Aim of the task:
Repeat the data that follows, word for word, without the images.

Available data:
----------------------------------------

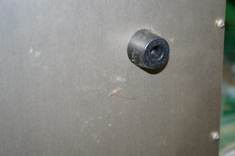 底板の足の周りには埃がまとわり付いています。
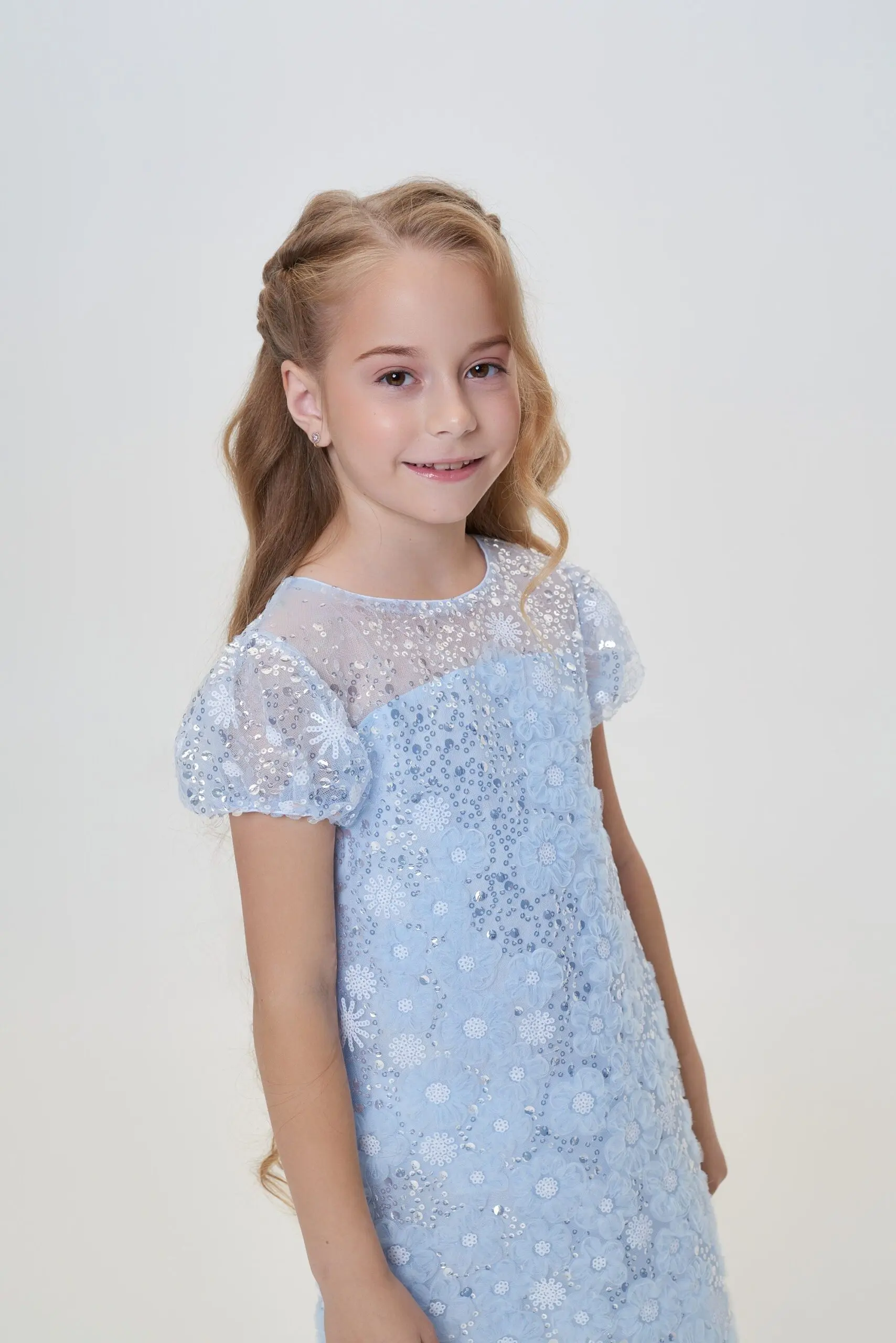 Нарядное платье для девочки в нежно-голубом цвете — это идеальный выбор для особых мероприятий!
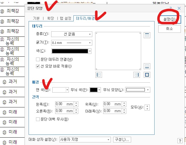 문단모양 > 테두리/배경 > 배경 면색 흰색으로 다시 클릭 > 설정
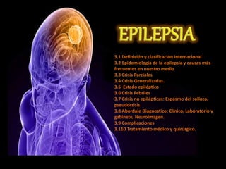 1) El documento trata sobre la epilepsia, incluyendo su definición, clasificación, epidemiología, tipos de crisis epilépticas, estado epiléptico, crisis febriles y no epilépticas.

----------------------------------------

Result below:
 底板の足の周りには埃がまとわり付いています。
 Нарядное платье для девочки в нежно-голубом цвете — это идеальный выбор для особых мероприятий!
 문단모양 > 테두리/배경 > 배경 면색 흰색으로 다시 클릭 > 설정
 1) El documento trata sobre la epilepsia, incluyendo su definición, clasificación, epidemiología, tipos de crisis epilépticas, estado epiléptico, crisis febriles y no epilépticas.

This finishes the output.